Task item
Take down each entry exactly as written.

Saved data entries
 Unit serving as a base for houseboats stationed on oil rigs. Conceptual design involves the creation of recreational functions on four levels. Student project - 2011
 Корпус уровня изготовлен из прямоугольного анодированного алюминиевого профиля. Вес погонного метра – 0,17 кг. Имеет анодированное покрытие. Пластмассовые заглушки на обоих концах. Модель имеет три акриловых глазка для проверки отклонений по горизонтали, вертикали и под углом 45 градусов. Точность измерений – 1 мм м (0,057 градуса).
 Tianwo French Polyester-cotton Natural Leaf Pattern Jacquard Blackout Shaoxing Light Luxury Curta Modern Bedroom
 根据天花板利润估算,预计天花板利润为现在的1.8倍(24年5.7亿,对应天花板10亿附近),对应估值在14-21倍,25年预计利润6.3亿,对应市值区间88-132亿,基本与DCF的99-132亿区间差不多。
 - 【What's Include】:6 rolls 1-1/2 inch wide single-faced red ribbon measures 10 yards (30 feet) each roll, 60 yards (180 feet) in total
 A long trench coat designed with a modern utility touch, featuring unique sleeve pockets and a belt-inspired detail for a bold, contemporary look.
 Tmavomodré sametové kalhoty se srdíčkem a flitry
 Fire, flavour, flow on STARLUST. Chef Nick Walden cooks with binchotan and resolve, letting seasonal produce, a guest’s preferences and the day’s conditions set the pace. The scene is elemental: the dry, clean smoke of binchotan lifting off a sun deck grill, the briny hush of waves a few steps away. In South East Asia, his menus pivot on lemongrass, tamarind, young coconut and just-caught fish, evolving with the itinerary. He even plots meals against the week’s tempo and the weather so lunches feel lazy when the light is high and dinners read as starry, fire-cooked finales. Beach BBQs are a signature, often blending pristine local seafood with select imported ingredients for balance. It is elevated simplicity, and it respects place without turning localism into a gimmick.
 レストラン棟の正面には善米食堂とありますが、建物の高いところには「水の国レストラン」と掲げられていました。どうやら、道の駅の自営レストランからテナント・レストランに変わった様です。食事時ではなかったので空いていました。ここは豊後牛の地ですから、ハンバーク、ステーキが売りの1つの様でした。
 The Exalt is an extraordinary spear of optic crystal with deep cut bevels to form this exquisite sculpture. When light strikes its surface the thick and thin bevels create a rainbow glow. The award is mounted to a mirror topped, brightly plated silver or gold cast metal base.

Exercise output
 Unit serving as a base for houseboats stationed on oil rigs. Conceptual design involves the creation of recreational functions on four levels. Student project - 2011
 Корпус уровня изготовлен из прямоугольного анодированного алюминиевого профиля. Вес погонного метра – 0,17 кг. Имеет анодированное покрытие. Пластмассовые заглушки на обоих концах. Модель имеет три акриловых глазка для проверки отклонений по горизонтали, вертикали и под углом 45 градусов. Точность измерений – 1 мм м (0,057 градуса).
 Tianwo French Polyester-cotton Natural Leaf Pattern Jacquard Blackout Shaoxing Light Luxury Curta Modern Bedroom
 根据天花板利润估算,预计天花板利润为现在的1.8倍(24年5.7亿,对应天花板10亿附近),对应估值在14-21倍,25年预计利润6.3亿,对应市值区间88-132亿,基本与DCF的99-132亿区间差不多。
 - 【What's Include】:6 rolls 1-1/2 inch wide single-faced red ribbon measures 10 yards (30 feet) each roll, 60 yards (180 feet) in total
 A long trench coat designed with a modern utility touch, featuring unique sleeve pockets and a belt-inspired detail for a bold, contemporary look.
 Tmavomodré sametové kalhoty se srdíčkem a flitry
 Fire, flavour, flow on STARLUST. Chef Nick Walden cooks with binchotan and resolve, letting seasonal produce, a guest’s preferences and the day’s conditions set the pace. The scene is elemental: the dry, clean smoke of binchotan lifting off a sun deck grill, the briny hush of waves a few steps away. In South East Asia, his menus pivot on lemongrass, tamarind, young coconut and just-caught fish, evolving with the itinerary. He even plots meals against the week’s tempo and the weather so lunches feel lazy when the light is high and dinners read as starry, fire-cooked finales. Beach BBQs are a signature, often blending pristine local seafood with select imported ingredients for balance. It is elevated simplicity, and it respects place without turning localism into a gimmick.
 レストラン棟の正面には善米食堂とありますが、建物の高いところには「水の国レストラン」と掲げられていました。どうやら、道の駅の自営レストランからテナント・レストランに変わった様です。食事時ではなかったので空いていました。ここは豊後牛の地ですから、ハンバーク、ステーキが売りの1つの様でした。
 The Exalt is an extraordinary spear of optic crystal with deep cut bevels to form this exquisite sculpture. When light strikes its surface the thick and thin bevels create a rainbow glow. The award is mounted to a mirror topped, brightly plated silver or gold cast metal base.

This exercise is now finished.